Первый класс у Павлика совпал с публичным вопросом президента «Кто есть ху?», очередями за водкой по девять десять с пробкой-бескозыркой, за растительным маслом. Мама покупала за рубежом товар и продавала в СССР втридорога. Простодушный Пашкин отец в это время ежечасно проматывал ее деньги и приносил раскровавленную рожу домой, приводя на запах крови престранных огромных мужиков, отдавая им последнее, что оставалось в советском сейфе — комоде. Как-то раз занятия отменили по непонятным причинам, Павлика никто не встретил. Он одиноко дошагал до дома, открыл незапертую дверь и вдруг услышал мамин крик в телефонную трубку: «Уезжай оттудова! Какая Москва, какая вообще Америка?! Ты о чем вообще, у нас Пашка маленький! Поняла… поняла… ладно… поняла…» С тех пор семья Павлика стала неполной, разговоров об отце не допускалось, а мамка притихла и занялась «взрослыми» делами. Теперь казалось, что вместе с расстрелом Белого дома в Москве расстреляли и ее саму, ту ее часть, которую впоследствии она стала пренебрежительно называть совдепом.

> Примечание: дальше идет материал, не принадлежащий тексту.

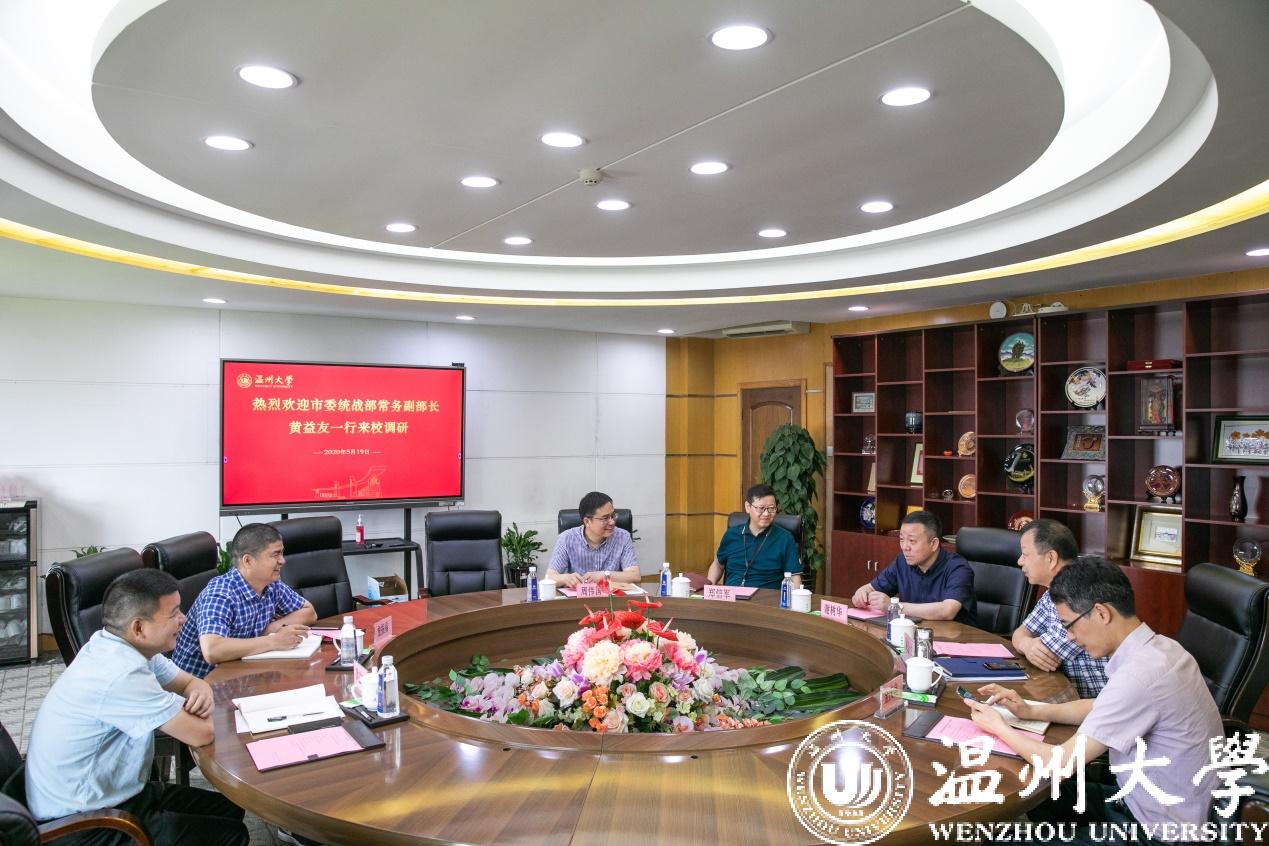 5月19日上午,温州市委统战部常务副部长黄益友一行莅临亚洲无码 ,就学校统战工作开展专题调研。校党委书记谢树华、党委副书记吴金法、党委委员郑信军出席调研会。

В седьмом классе все было уже совсем иначе: все «ху» определились, и мамка нашла себе нового мужа. Теперь Павлик смотрел на комод сверху вниз: углубление столешницы стало хранилищем сбережений, оно утеряло сукно от частых посягательств и стало матовым, размазав всю Пашину курносость, кроме которой ему от отца достался еще врожденный порок сердца, ранний юношеский пушок на щеках и довольно скверный, крепкий характер.